For 18 years the International Association of Fire Fighters (IAFF) Charitable Foundation has run the camp. Firefighters know all too well that burns leave both physical scars that last a lifetime and emotional scars that can take many years to heal.
Jason Woods is president of the DC Fire Fighters Burn Foundation which is as been helping out with the burn camp.
"The burn camps are an amazing way for us to provide programs for young burn survivors where they can be with peers who have experienced some of the same unfortunate events that they have," Woods says.
Assistant Burn Camp Director David Petracelli says the youngsters are from all over the US and Canada.
"I think we're giving them skills and defense mechanisms to be able to survive and feel good about themselves," Petracelli says.

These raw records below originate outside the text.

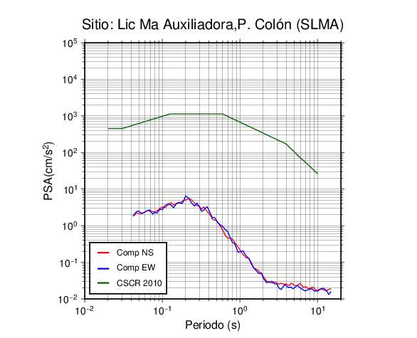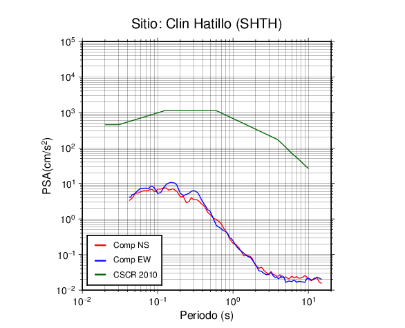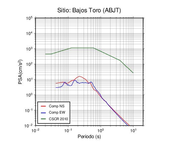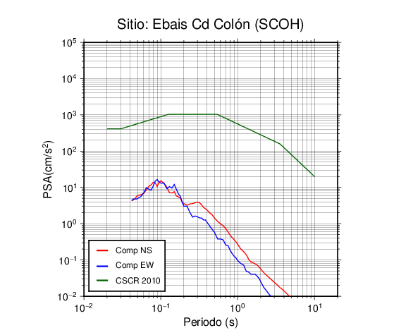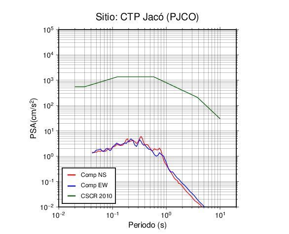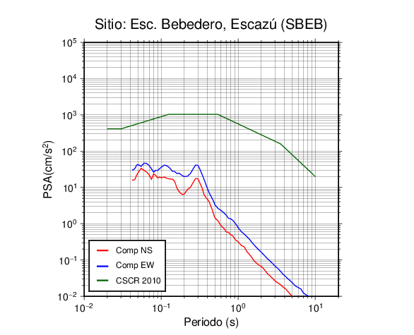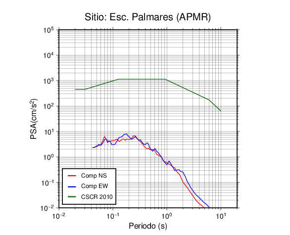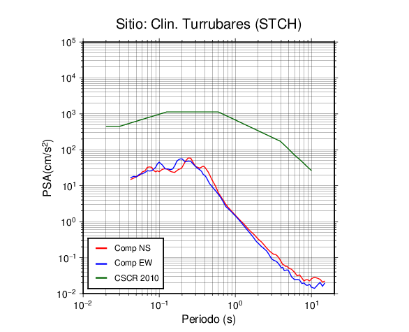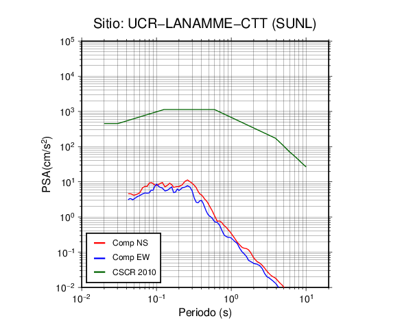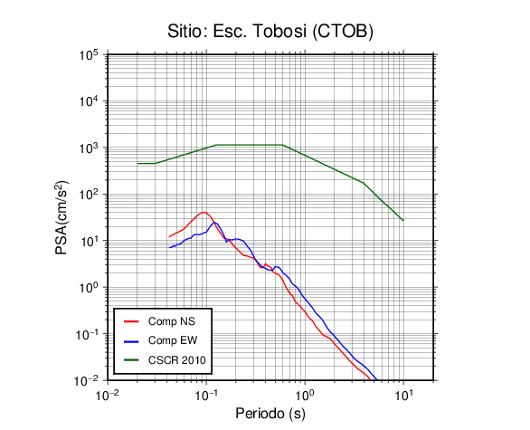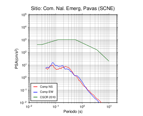 En los siguientes gráficos, la traza verde es el espectro propuesto por el CSCR-2010, la traza roja es el espectro de este sismo en la componente norte-sur (NS) y la traza azul la componente este-oeste (EW). El valor de la amplitud está dado en pseudoaceleración en cm/s2.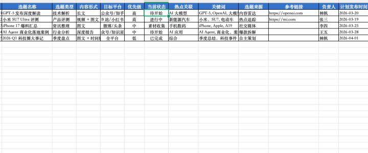 对推行责任者而言,半天的技能,我摸索出了三大中枢场景:推行雷达、热门跟踪、选题表格不断。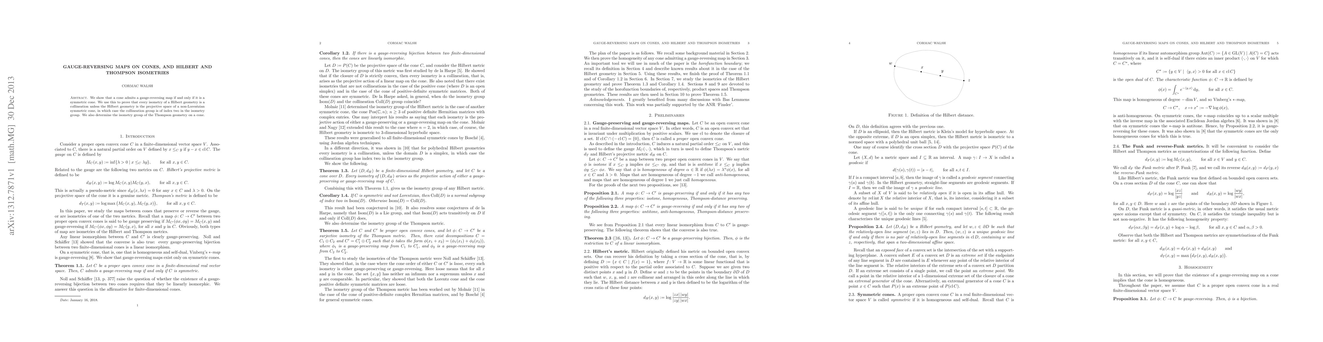 Summary: The paper demonstrates that symmetric cones are the only ones admitting gauge-reversing maps, and it shows that Hilbert geometry isometries are collineations except in the case of non-Lorentzian symmetric cones, where the collineation group is a subgroup of the isometry group. Additionally, it identifies the isometry group of Thompson geometry on a cone.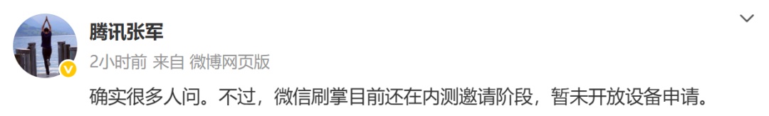 8月15日消息,微信支付智慧生活公众号今日发文回应刷掌设备申请:微信刷掌目前还在内测邀请阶段,暂未开放设备申请。
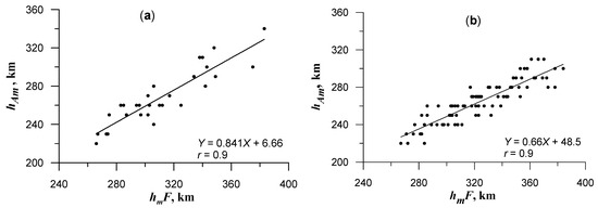 Figure 6a is a scatterplot between the height hAm corresponding to the maximum peak-to-peak value and the height of the maximum hmF of the layer. The interval of heights at which the maximum peak-to-peak value was observed for the entire array of analyzed sessions turned out to be very wide. The regression line calculated by the least squares method is shown as a solid line. The expression for this line and the value of the correlation coefficient r = 0.9 are presented at the top of the figure. It follows from the figure that the difference between hAm and hmF increases linearly with hmF. If for hmF = 280 km the difference is ~38 km, then for hmF = 380 km the difference is ~54 km. A similar behavior of the height corresponding to the maximum amplitude was also obtained for plasma perturbations generated by the LSTIDs (Figure 6b).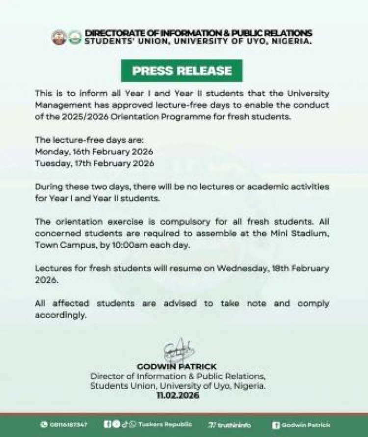 The Student Union Government (SUG) of the University of Uyo (UNIUYO) has mandated that all students and student associations must notify the Directorate of Health, Environment & Welfare before organizing any health-related activities.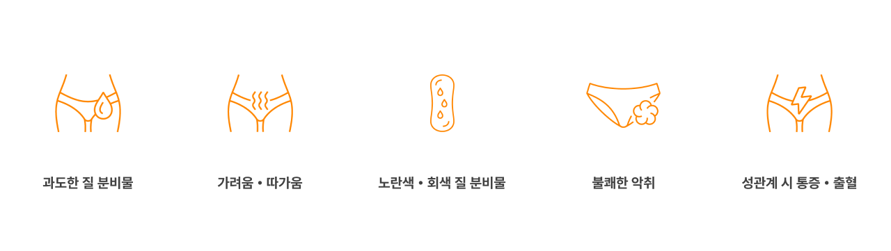면역력이 떨어질 때 발생하기 쉽습니다. 두부 같은 흰 분비물이 특징이며 통증, 가려움, 화끈거림이 나타날 수 있습니다.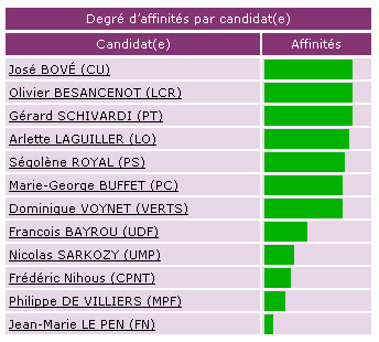 Y'a des sites qui te proposent un questionnaire pour définir tes affinités électorales, bah je suis définitivement bien de gauche, youpi: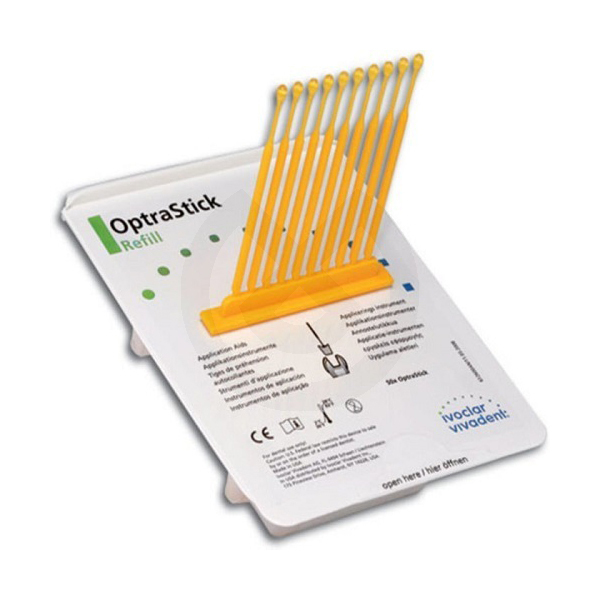OptraStick es un instrumento de colocación que presenta una punta adhesiva y flexible. La punta permite recoger restauraciones y pequeños objetos de todo tipo, transportarlos y colocarlos de forma rápida y sencilla. OptraStick es adecuado para el manejo de inlays, onlays, coronas y carillas de diferentes materiales, por ejemplo, IPSEmpress, IPS e.max, d.SIGN IPS, en línea IPS y SR Adoro, así como para restauraciones de metal y joyas dentales, por ejemplo, Skyce.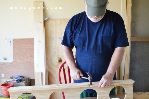 Nail one of your 41 3/4″ boards onto the side of your top (with the circles). Make the board flush with the top side before nailing in.

Among them are 14-year-old Dennis from Detroit, who was severely burned when he was only five years old leaving scars over much of his body. For him this is great.

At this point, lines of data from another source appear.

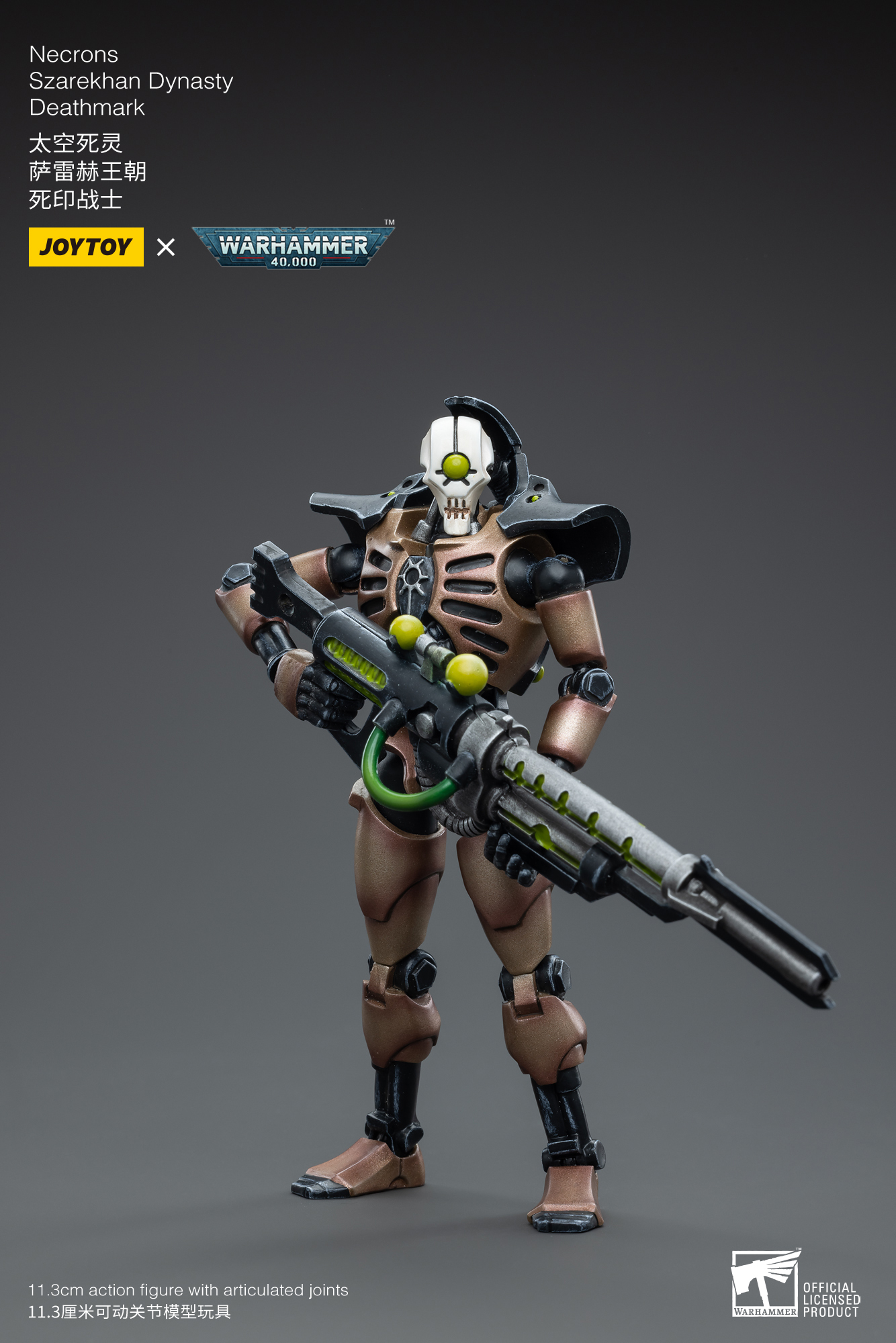 Collaborating with GameWorkshop, from JoyToy, we introduce JoyToy Action Figure Warhammer 40K Necrons Szarekhan Dynasty Deathmark figures. As the name suggests, the Szarekhan are the dynasty of Szarekh, the last Silent King. Before the Great Sleep, they were considered far and away the most prestigious and influential dynasty.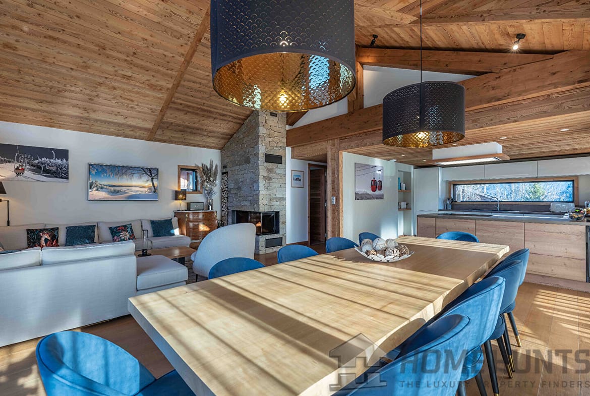 The spacious, bright, south-west facing living room opens onto unobstructed views. Its central fireplace creates a warm atmosphere, ideal for gathering after a day on the slopes.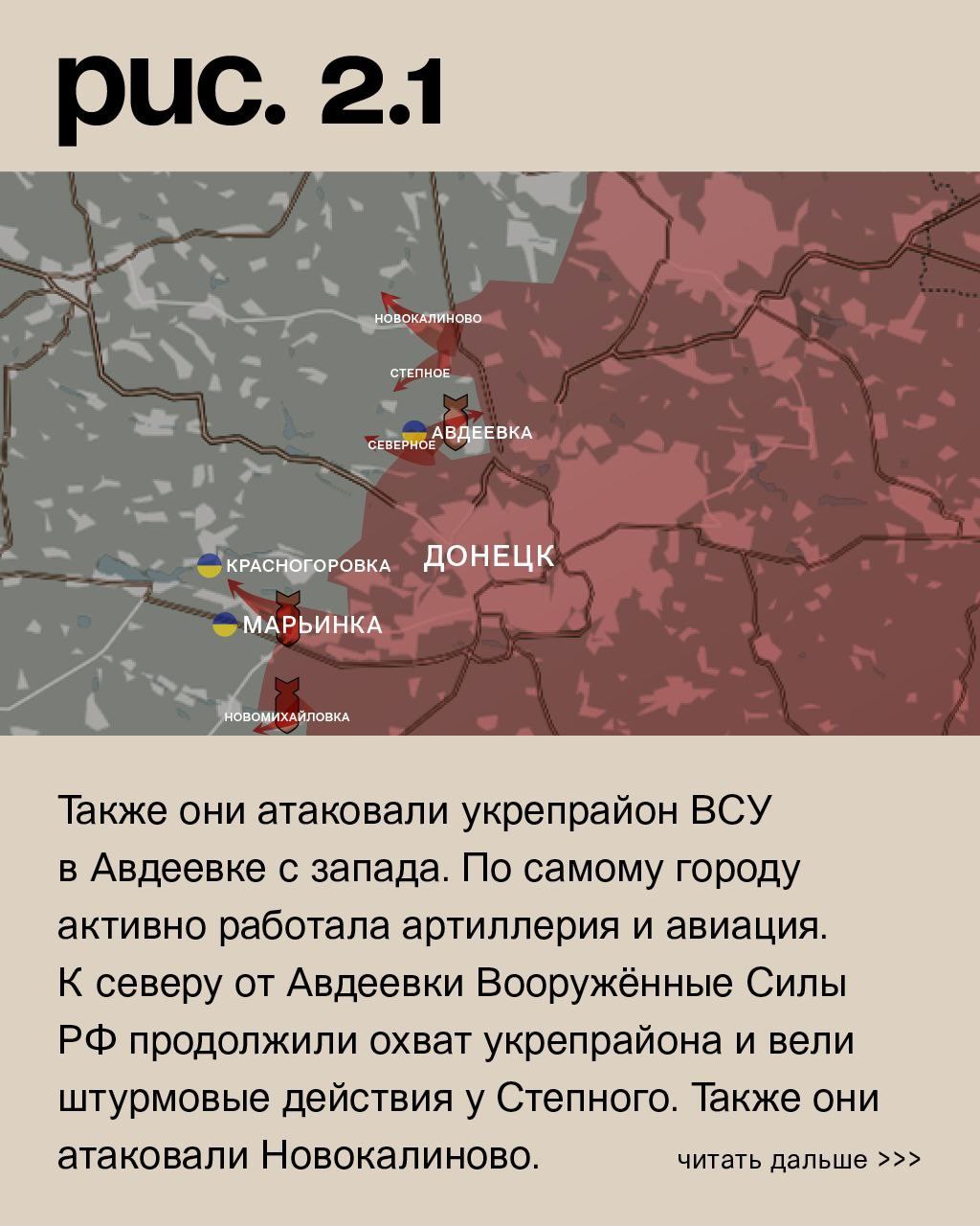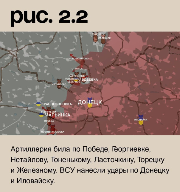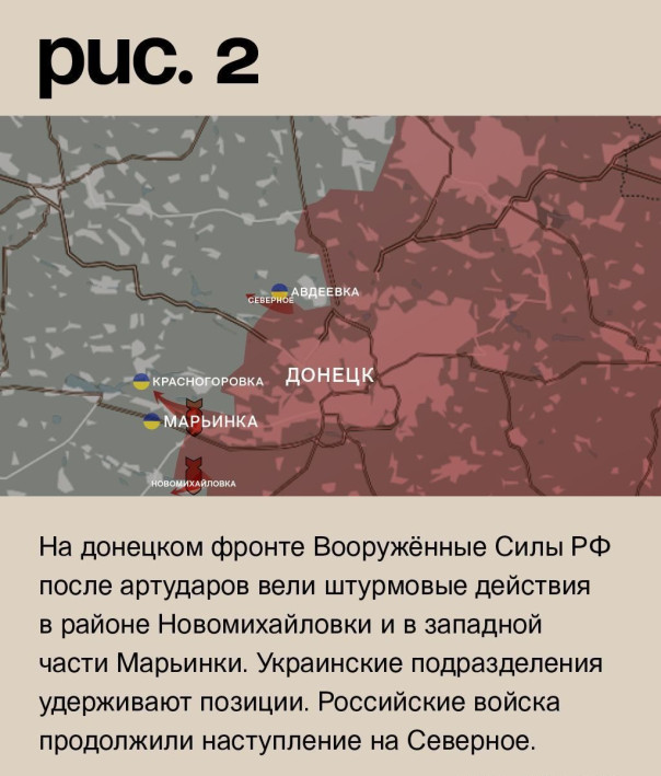 На донецком фронте Вооружённые Силы РФ после артударов вели штурмовые действия в районе Новомихайловки и в западной части Марьинки. Украинские подразделения удерживают позиции. Российские войска продолжили наступление на Северное. Также они атаковали укрепрайон ВСУ в Авдеевке с запада. По самому городу активно работала артиллерия и авиация. К северу от Авдеевки Вооружённые Силы РФ продолжили охват укрепрайона и вели штурмовые действия у Степного. Также они атаковали Новокалиново. Артиллерия била по Победе, Георгиевке, Нетайлову, Тоненькому, Ласточкину, Торецку и Железному. ВСУ нанесли удары по Донецку и Иловайску. (Рис. 2)

"I'm not as self-conscious as usual, feels like. You go swimming and you don't have to worry about people staring at you, asking questions. I like it a lot," Dennis says.
In addition to seeing the monuments and museums, campers were expected to meet with national leaders and local firefighters. And they spent a night at Camp Wabanna in Edgewater, Md., to take part in team building and peer support activities, the IAFF says.
Each year, the foundation chooses burn survivors between the ages of 13 and 15 years old from regional burn camps held across the country to attend the international camp. A boy from Silver Spring, Md., was among those chosen to attend this week's camp.